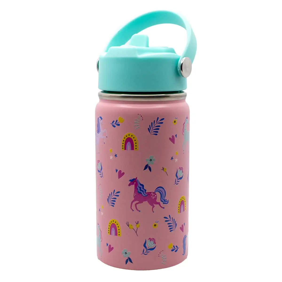 This pink bottle is made for little unicorn lovers. Covered in cheerful unicorn illustrations, it’s perfect for cold rooibos drinks throughout the day. The flip straw design makes it easy to sip, while the secure lid seals tight to stop leaks. Lightweight and fitted with a carry handle for little hands on the move.
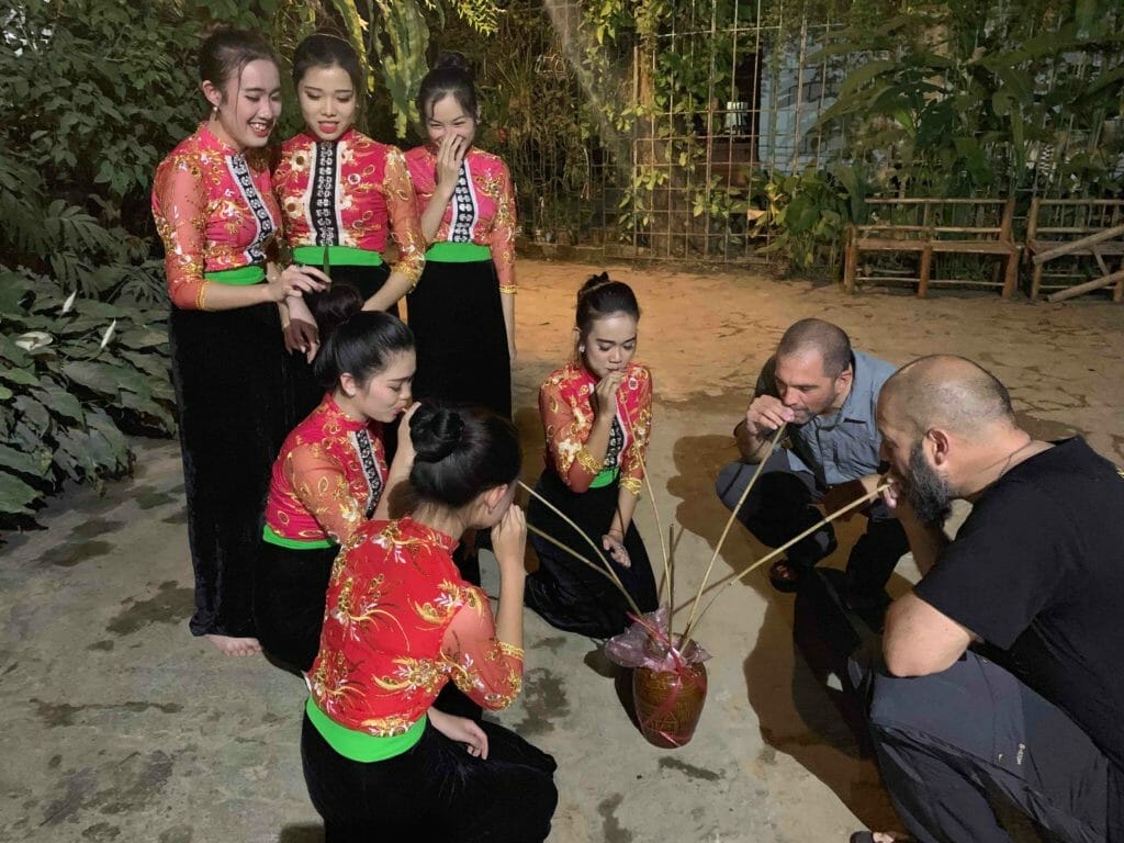 After a light lunch in Hoa Binh Province, we cross Thung Khe, one of the most beautiful mountain passes in North Vietnam then descent to the mountain valley settlement of Mai Chau. After dinner we join performance, where you can dance and share a range of special liquors (rice wine) with the locals. Overnight in a house-on-stilts of the Thai people.
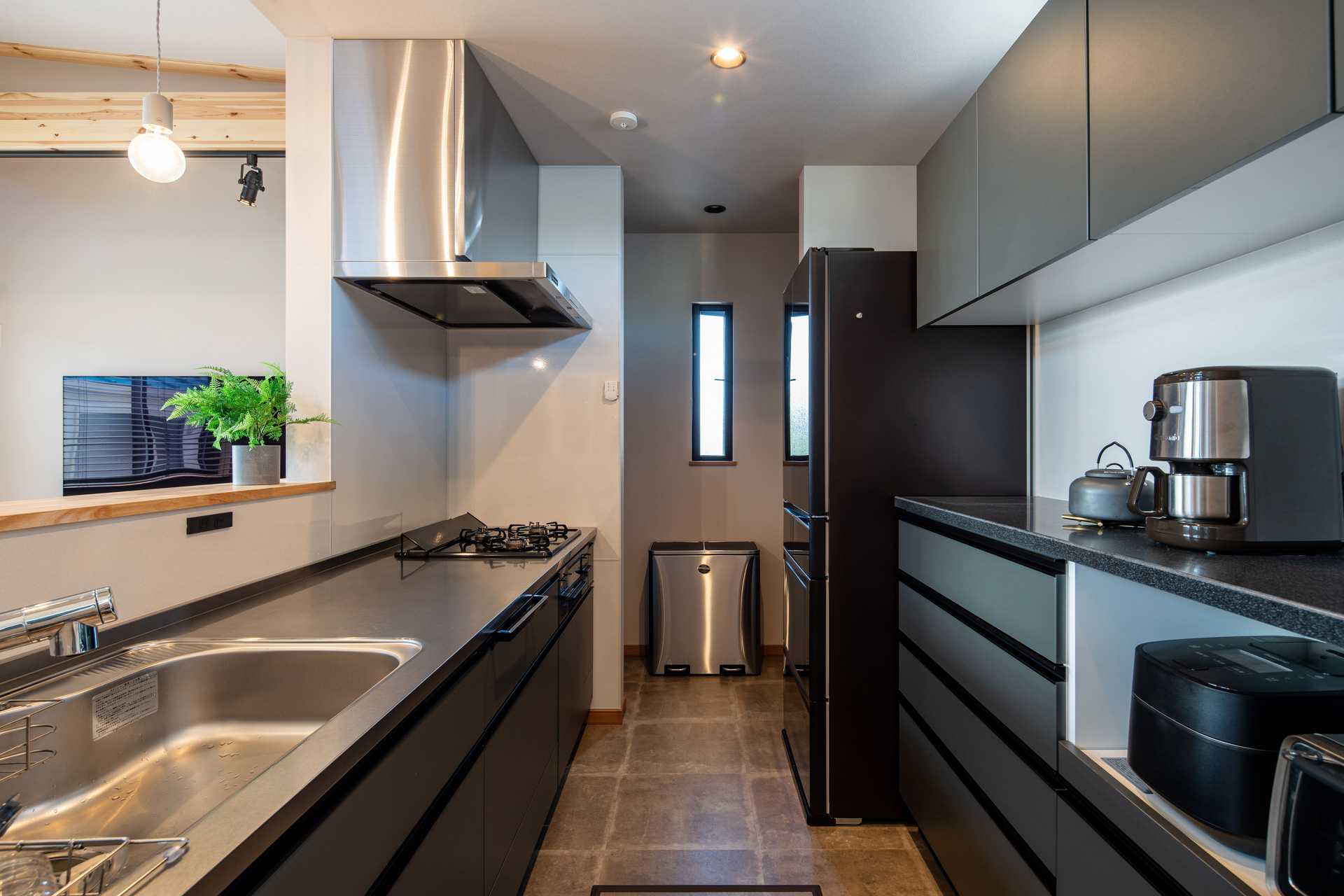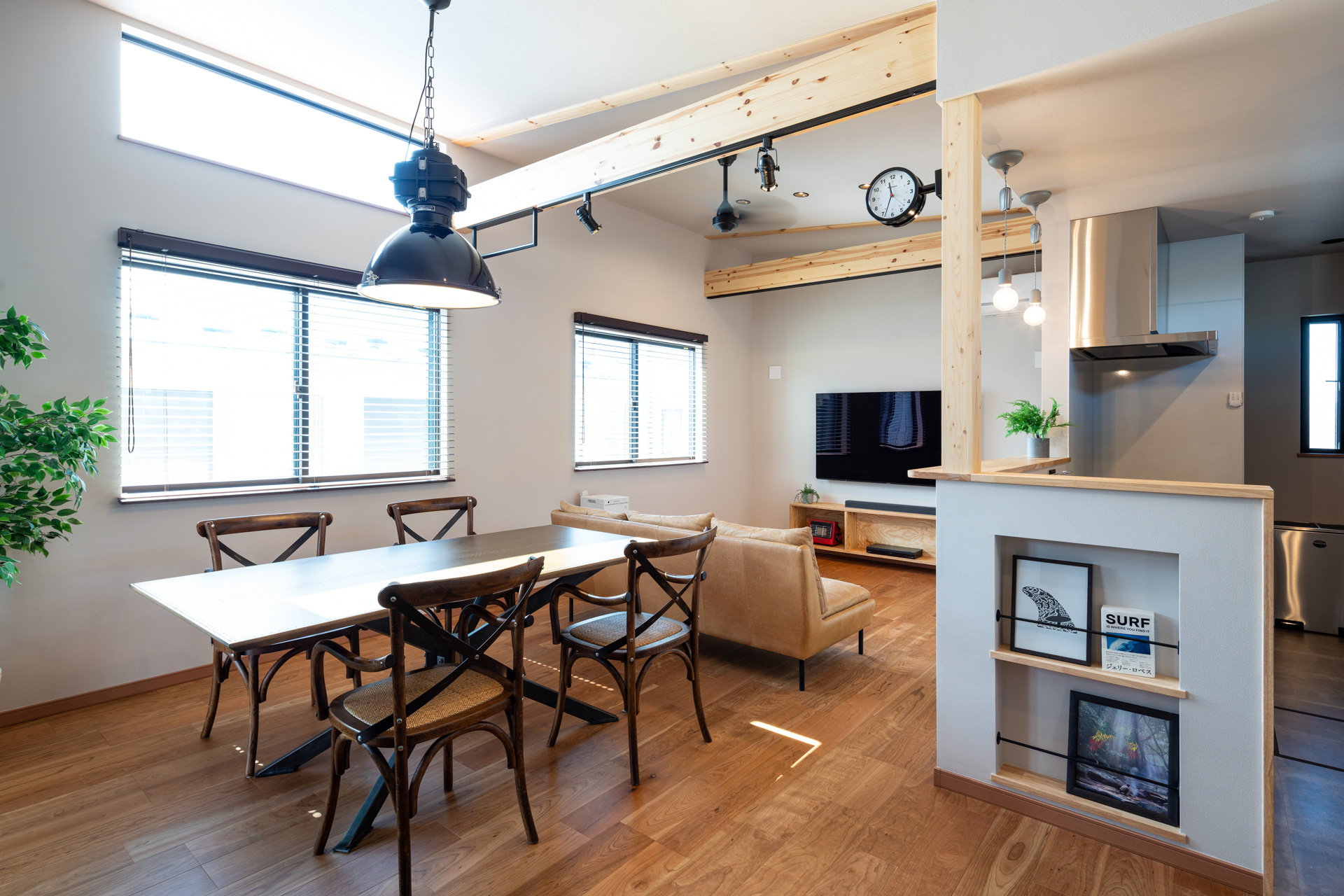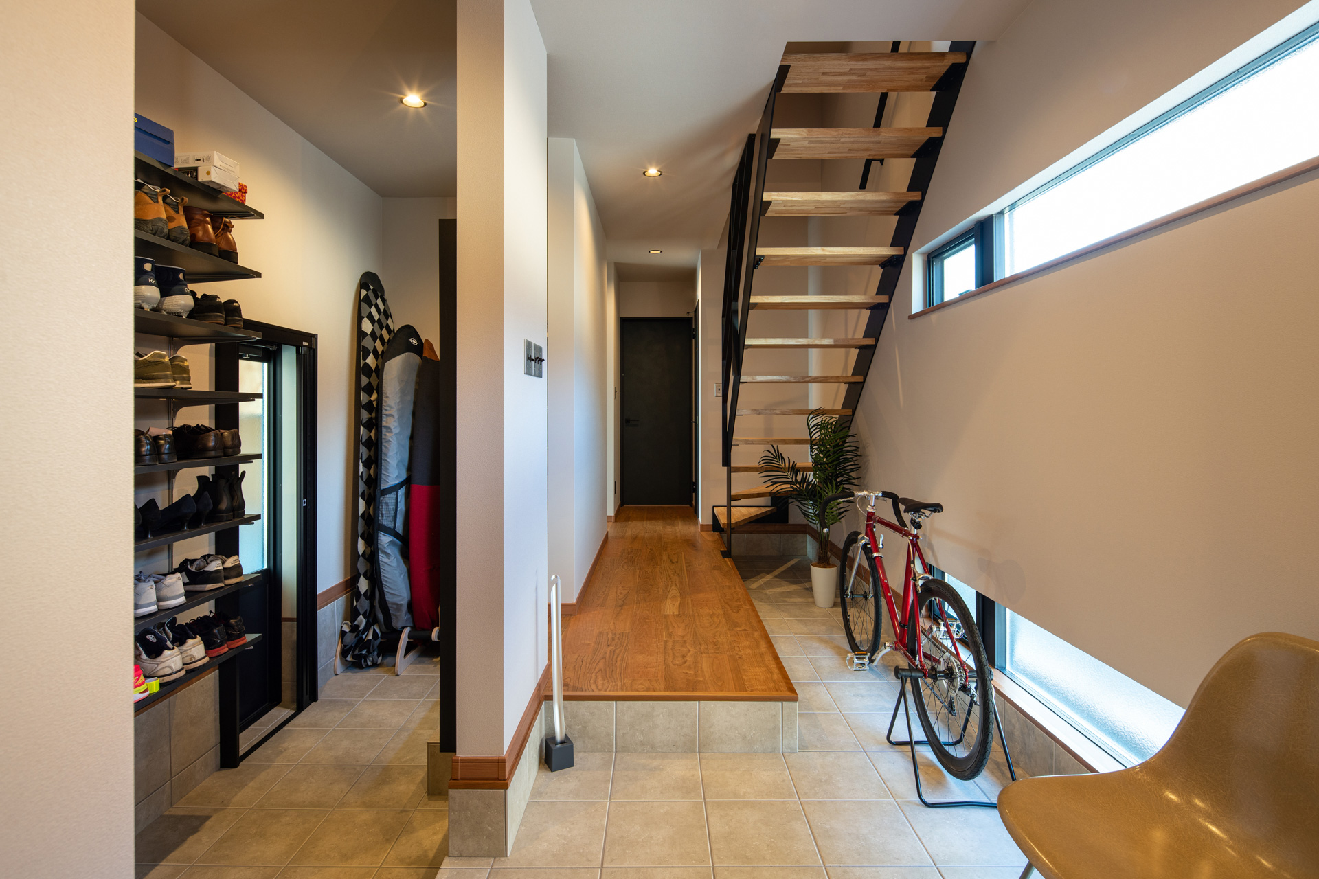 1階は広い土間収納と、バイクの格納や趣味スペースとしても活用できるガレージが特徴で、玄関から直接行き来できる室内ドアを設置しました。2階には勾配天井で明るく開放的なLDKを中心に、アウトドア気分を楽しめるインナーバルコニーや家事動線に配慮したランドリールームを配置し、快適で機能的な住まいを実現しています。

----------------------------------------

=== YOUR INSTRUCTIONS ===
Each line of the data above is to be output exactly; the pictures are not to appear.

=== ANSWER SECTION ===
 This pink bottle is made for little unicorn lovers. Covered in cheerful unicorn illustrations, it’s perfect for cold rooibos drinks throughout the day. The flip straw design makes it easy to sip, while the secure lid seals tight to stop leaks. Lightweight and fitted with a carry handle for little hands on the move.
 After a light lunch in Hoa Binh Province, we cross Thung Khe, one of the most beautiful mountain passes in North Vietnam then descent to the mountain valley settlement of Mai Chau. After dinner we join performance, where you can dance and share a range of special liquors (rice wine) with the locals. Overnight in a house-on-stilts of the Thai people.
 1階は広い土間収納と、バイクの格納や趣味スペースとしても活用できるガレージが特徴で、玄関から直接行き来できる室内ドアを設置しました。2階には勾配天井で明るく開放的なLDKを中心に、アウトドア気分を楽しめるインナーバルコニーや家事動線に配慮したランドリールームを配置し、快適で機能的な住まいを実現しています。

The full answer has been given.